Reviews
The first ever Comedy Prom

The bust of Henry Wood, founder of the Promenade Concerts that have entertained music lovers since 1895, has gazed on many exotic events at the Albert Hall. There was the Ukulele Orchestra of Great Britain, in which the humble uke was twanged not just on stage but by 1,000 amateurs in the audience. There have been two Doctor Who Proms, in which daleks and cybermen demonstrated that you didn’t need to be a great conductor to scream commands at a symphony orchestra. And, this season, the Proms hosted the Horrible Histories franchise, which included Charles II rapping like a 17th-century Eminem.

Family entertainment is one thing. The first Comedy Prom promised something more ambitious. Enter Tim Minchin, the Australian comedian and songwriter. “115 years of history tossed away for a cheap guffaw,” he sang from the gallery, before continuing: “Mozart, Bach: now we no longer give a . . . fach.” Minchin knew what he was doing.
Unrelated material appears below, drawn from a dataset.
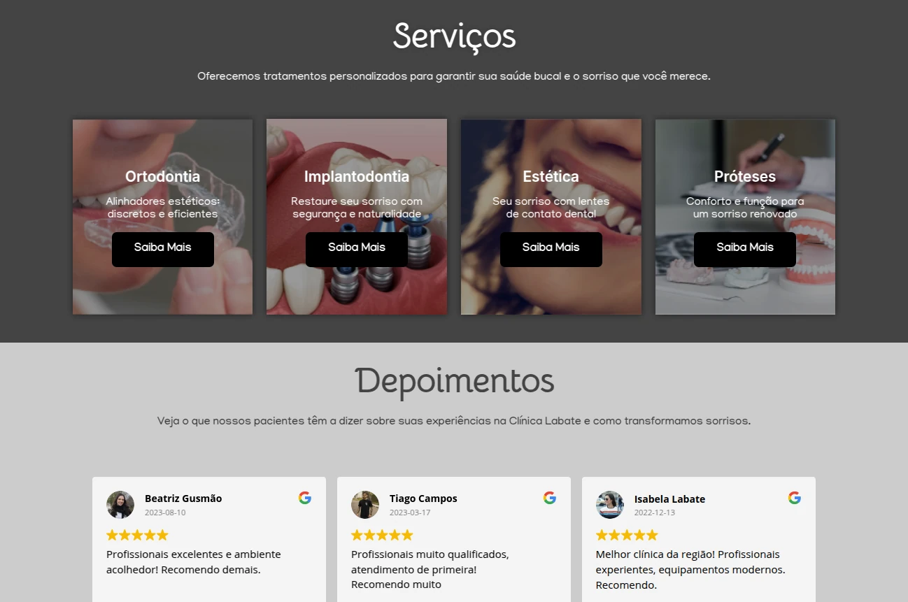 Site para clínica odontológica localizada em Cotia (SP), com páginas exclusivas para cada especialidade (como ortodontia e implantodontia).

His skill is combining rude-ish satire with charming piano accompaniment, a Jekyll and Hyde duality which ensures that you gasp before giggling. And he clearly relished having a new toybox to play with here: the BBC Concert Orchestra on winningly self-effacing form.

The line-up that Minchin presented, with understated aplomb, was such a broad mix that there was something for everyone, though the mood was more Royal Variety than cutting-edge comedy. Kit and the Widow left some mystified and others delighted with their destruction of Lloyd Webber’s and Sondheim’s song-writing skills, before ushering in the soprano Susan Bullock for a Puccini singalong: “No downmarket concert is complete without Nessun Dorma.”

At the other end of the spectrum, the charismatic beatboxer Beardyman bounded on stage in a frock coat to deliver Pachelbel’s Canon with only mouth and microphone. The comedian Sue Perkins once won the BBC’s Maestro competition, though I doubt even she thought that she would end up conducting the William Tell overture at the Proms while a slapstick comic (The Boy With Tape on His Face) aimed a rubber plunger at a blindfolded prommer’s stomach.

The standout triumph was a blast from the past. Franz Reizenstein wrote his Concerto Popolare for Gerard Hoffnung’s first music festival in 1956; its soloist wanders from Grieg to Beethoven to Rachmaninov while the increasingly irate maestro insists on conducting Tchaikovsky. Like all good musical jokes, it’s lame in the telling and hilarious in the hearing, and Danny Driver’s pianist and Andrew Litton’s conductor were note-perfect impersonations of their preening archetypes. It should have been compulsory viewing for some of their less self-aware peers.